Reporting in Nature Climate Change, the researchers from China’s Institute of Atmospheric Physics and Nanjing University of Information Science and Technology, along with Lawrence Berkeley National Laboratory in California, looked at data from more than 40 satellite-derived spring phenology studies across the globe that were conducted since the 1980s. Most showed earlier leaf out resulting in greener spring vegetation, with leaf out advancing 4 to 5 days per decade on average. They then used a global climate model computer simulation, the Community Earth System Model (CESM), which models Earth’s climate in the past, present, and future, to compare the climate consequences with and without the earlier leaf out.

They found that vegetation greening in spring has a profound impact on climate systems because it enhances the release of water vapor. Vapor released during photosynthesis can contribute to cloud formation, which affects the amount of sunlight reaching Earth.

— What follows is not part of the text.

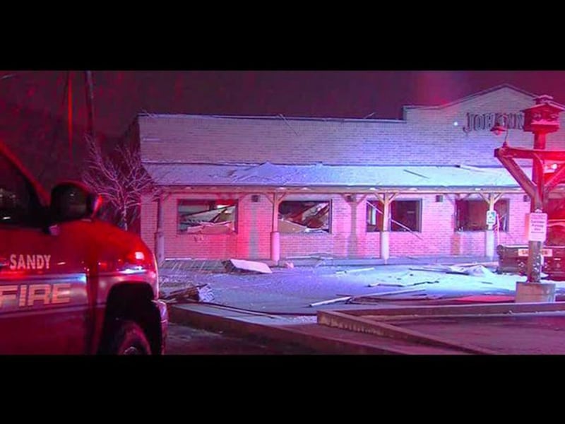The impact from the blast sent debris into State Street and caused a partial collapse of the roof, DeKorver said. Nearby Jordan High School and the LDS seminary building near the school were not damaged. DeKorver said the school's surveillance system recorded the explosion.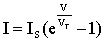 Para V<0, el término exponencial es muy pequeño, despreciable frente a la unidad. Entonces la intensidad tiende al valor IS, que como ya se había indicado anteriormente, es la corriente inversa del diodo. Para V>0, la exponencial crece rápidamente por encima de la unidad.

The vapor can also be carried toward the poles and can result in changes in snow and cloud cover in the northern high latitudes; less snow means less surface reflectivity of solar radiation and more surface warming. Researchers think this reduced snow cover explains why there are hot spots in the north. The authors identify warming hot spots in the Canadian Arctic Archipelago of about 0.7°C, the southeastern Tibetan Plateau of about 0.3°C, and the eastern and western edges of Siberia of about 0.4°C.

Great Framework for Follow-Up

The findings follow decades of research into the relationship between vegetation and climate. Despite the enormous complexity of that interaction over larger scales in both area and time, there is growing awareness that vegetation changes can impact global atmosphere circulation.

“It has long been known that vegetation influences climate through altering surface albedo, roughness, canopy conductance, and fluxes of water, energy, and carbon,” said Gensuo Jia, deputy director of the Institute of Atmospheric Physics’ Key Laboratory of Regional Climate-Environment for Temperate East Asia and a coauthor of the study. “Most of our understanding of the role of vegetation on climate is the local impact of water and energy fluxes. Until recent years, with the help with coupled land-atmosphere models, the atmospheric transport of water, energy, and carbon and their nonlocal climate effects have been receiving more attention.”

“This study is very interesting and contributes to our growing body of knowledge that widespread changes in vegetation can affect climate not only locally but globally,” said Park Williams, a research professor at Columbia University’s Lamont-Doherty Earth Observatory who was not involved in the study. Because it’s a model-based study, there will be a wide spread in how the effects are simulated, he added. “So rather than this study giving us the end-all answer to the question of how early green up affects Northern Hemisphere climate, it should be thought of as a first estimate and treated as a great methodological framework for follow-up studies that use alternate climate models.”

The researchers in the study aim to better understand the mechanisms involved with the warming effects of earlier leaf out.

“For the next step, we may further explore field-based land-atmosphere flux measurements and satellite-derived parameters of energy and water budget,” said Xiyan Xu, a research scientist at the Institute of Atmospheric Physicis, Chinese Academy of Sciences, and lead author of the study.

—Tim Hornyak (@robotopia), Science Writer

Citation: Hornyak, T. (2020), Early sprouting of leaves enhances Northern Hemisphere warming , Eos, 101, https://doi.org/10.1029/2020EO141580. Published on 18 March 2020.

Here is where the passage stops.